__Task objective__.
Locate the line that contains "12日午前9時の予想天気図で" in the entries below, then repeat it and every following line through the line that contains "I first met", exactly, and no others.
*** Opening of Record set ***
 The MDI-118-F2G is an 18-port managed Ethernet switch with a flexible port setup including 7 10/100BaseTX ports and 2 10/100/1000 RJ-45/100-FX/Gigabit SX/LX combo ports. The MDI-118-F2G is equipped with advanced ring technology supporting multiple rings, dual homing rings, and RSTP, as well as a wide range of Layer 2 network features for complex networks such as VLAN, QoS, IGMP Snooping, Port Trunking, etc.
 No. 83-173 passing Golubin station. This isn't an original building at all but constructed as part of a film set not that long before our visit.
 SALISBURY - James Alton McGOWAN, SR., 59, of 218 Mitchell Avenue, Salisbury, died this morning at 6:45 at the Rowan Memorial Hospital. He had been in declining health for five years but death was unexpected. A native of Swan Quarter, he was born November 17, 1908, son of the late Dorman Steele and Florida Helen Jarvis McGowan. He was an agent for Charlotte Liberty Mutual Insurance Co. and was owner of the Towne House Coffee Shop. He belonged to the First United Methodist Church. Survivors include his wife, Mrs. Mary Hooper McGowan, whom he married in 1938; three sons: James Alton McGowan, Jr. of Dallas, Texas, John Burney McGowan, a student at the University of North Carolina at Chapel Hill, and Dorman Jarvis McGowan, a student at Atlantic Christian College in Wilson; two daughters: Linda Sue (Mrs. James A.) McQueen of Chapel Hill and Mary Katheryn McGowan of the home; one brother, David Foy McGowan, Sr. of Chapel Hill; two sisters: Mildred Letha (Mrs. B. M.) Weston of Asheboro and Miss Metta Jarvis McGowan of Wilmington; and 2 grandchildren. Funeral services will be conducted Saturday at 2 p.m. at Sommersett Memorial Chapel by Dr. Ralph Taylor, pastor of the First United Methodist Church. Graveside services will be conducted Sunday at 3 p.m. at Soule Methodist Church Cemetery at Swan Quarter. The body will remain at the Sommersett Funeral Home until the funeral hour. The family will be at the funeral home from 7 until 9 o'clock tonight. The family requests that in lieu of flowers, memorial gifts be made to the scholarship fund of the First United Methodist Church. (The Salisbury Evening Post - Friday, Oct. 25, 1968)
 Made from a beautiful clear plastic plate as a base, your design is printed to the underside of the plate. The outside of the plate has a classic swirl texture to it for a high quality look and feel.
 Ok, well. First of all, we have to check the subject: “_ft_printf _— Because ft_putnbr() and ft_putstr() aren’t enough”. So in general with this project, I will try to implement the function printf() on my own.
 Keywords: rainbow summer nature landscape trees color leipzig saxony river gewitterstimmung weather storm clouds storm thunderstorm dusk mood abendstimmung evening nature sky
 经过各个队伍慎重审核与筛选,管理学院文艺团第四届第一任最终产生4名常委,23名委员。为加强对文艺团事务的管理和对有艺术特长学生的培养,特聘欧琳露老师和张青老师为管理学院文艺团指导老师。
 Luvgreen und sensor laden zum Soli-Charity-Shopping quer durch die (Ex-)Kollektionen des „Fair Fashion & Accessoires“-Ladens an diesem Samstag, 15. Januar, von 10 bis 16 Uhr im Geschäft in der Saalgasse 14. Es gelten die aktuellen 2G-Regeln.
*** Close of Record set ***
*** Opening of Record set ***
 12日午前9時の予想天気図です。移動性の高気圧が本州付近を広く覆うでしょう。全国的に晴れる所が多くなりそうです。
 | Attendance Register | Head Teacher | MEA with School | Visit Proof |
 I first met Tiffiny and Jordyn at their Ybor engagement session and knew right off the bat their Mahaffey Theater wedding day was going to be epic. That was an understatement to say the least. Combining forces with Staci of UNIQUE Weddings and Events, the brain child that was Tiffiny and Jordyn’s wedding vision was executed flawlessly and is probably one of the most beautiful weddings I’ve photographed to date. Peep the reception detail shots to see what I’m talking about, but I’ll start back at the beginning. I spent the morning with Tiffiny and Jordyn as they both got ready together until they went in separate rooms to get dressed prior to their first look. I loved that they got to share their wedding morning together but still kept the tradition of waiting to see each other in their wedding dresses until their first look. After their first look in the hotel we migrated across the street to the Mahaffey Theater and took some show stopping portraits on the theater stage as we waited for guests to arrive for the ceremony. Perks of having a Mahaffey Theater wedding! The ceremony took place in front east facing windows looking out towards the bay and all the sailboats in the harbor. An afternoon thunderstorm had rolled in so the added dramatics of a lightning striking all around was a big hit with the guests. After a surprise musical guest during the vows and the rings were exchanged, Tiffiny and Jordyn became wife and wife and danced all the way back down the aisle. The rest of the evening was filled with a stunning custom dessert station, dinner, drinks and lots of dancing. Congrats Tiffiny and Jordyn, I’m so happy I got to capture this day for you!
*** Close of Record set ***
__Solution to the exercise__.
 12日午前9時の予想天気図です。移動性の高気圧が本州付近を広く覆うでしょう。全国的に晴れる所が多くなりそうです。
 | Attendance Register | Head Teacher | MEA with School | Visit Proof |
 I first met Tiffiny and Jordyn at their Ybor engagement session and knew right off the bat their Mahaffey Theater wedding day was going to be epic. That was an understatement to say the least. Combining forces with Staci of UNIQUE Weddings and Events, the brain child that was Tiffiny and Jordyn’s wedding vision was executed flawlessly and is probably one of the most beautiful weddings I’ve photographed to date. Peep the reception detail shots to see what I’m talking about, but I’ll start back at the beginning. I spent the morning with Tiffiny and Jordyn as they both got ready together until they went in separate rooms to get dressed prior to their first look. I loved that they got to share their wedding morning together but still kept the tradition of waiting to see each other in their wedding dresses until their first look. After their first look in the hotel we migrated across the street to the Mahaffey Theater and took some show stopping portraits on the theater stage as we waited for guests to arrive for the ceremony. Perks of having a Mahaffey Theater wedding! The ceremony took place in front east facing windows looking out towards the bay and all the sailboats in the harbor. An afternoon thunderstorm had rolled in so the added dramatics of a lightning striking all around was a big hit with the guests. After a surprise musical guest during the vows and the rings were exchanged, Tiffiny and Jordyn became wife and wife and danced all the way back down the aisle. The rest of the evening was filled with a stunning custom dessert station, dinner, drinks and lots of dancing. Congrats Tiffiny and Jordyn, I’m so happy I got to capture this day for you!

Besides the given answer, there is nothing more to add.